In most cases with GLC the area under the peak as a % of the total area for all peaks is interpreted as representing the % mass of the compound measured in the mixture. Explain why this is only an approximation.
To understand why the area under the peak in gas chromatography (GLC) is only an approximation of the % mass of the compound in a mixture, we need to break down the process of GLC and consider its limitations.
Gas chromatography separates the components of a mixture based on their ability to partition between a stationary phase (usually a coated column) and a mobile phase (an inert gas). The separated components elute from the column at different times, forming peaks on the chromatogram.
The area under each peak corresponds to the amount of that component present in the mixture. Therefore, it is tempting to interpret the area under the peak as the percentage mass of that component since the sum of all peak areas will equal 100%. However, there are several reasons why this interpretation is only an approximation:
1. Column Efficiency: The efficiency of the column in separating the components affects the peak shape. In reality, peaks are not perfectly symmetrical, and they can be broadened or distorted due to factors like column degradation or interactions between the components and the stationary phase. Such effects can lead to errors in estimating the true area under the peak.

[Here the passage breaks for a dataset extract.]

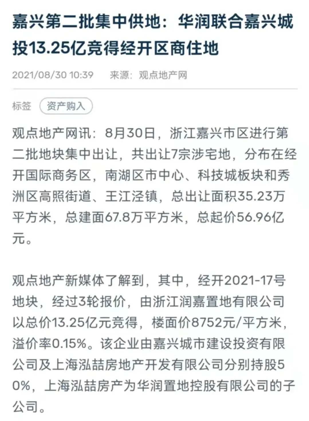 2021年8月30日,嘉興城市建設投資有限公司的子公司聯合華潤置地,以13.25億元的價格摘得嘉興市區總出讓面積為35.23萬平方米的商住地。

2. Response Factors: Different compounds exhibit different responses in the detectors used in GLC. The detectors may be more or less sensitive to certain compounds, leading to variations in the measured peak areas. This could result in the over or underestimation of the true component percentage.
3. Detector Limitations: Some detectors in GLC may not provide a full response for all compounds, especially in cases of highly volatile or poorly detectable compounds. As a result, the peak area might not accurately represent the true amount of the compound in the mixture.
4. Peak Overlaps: In complex mixtures, different compounds can co-elute, leading to overlapping peaks. It becomes challenging to accurately assign the peak area to a specific compound, making it difficult to determine the true percentage mass based solely on the peak area.
Due to these limitations and potential sources of error, it is important to calibrate and validate gas chromatography results using appropriate standards and controls. Utilizing additional analytical techniques, such as mass spectrometry, can provide more accurate quantification of compounds in a mixture rather than relying solely on the approximation from peak area under GLC chromatograms.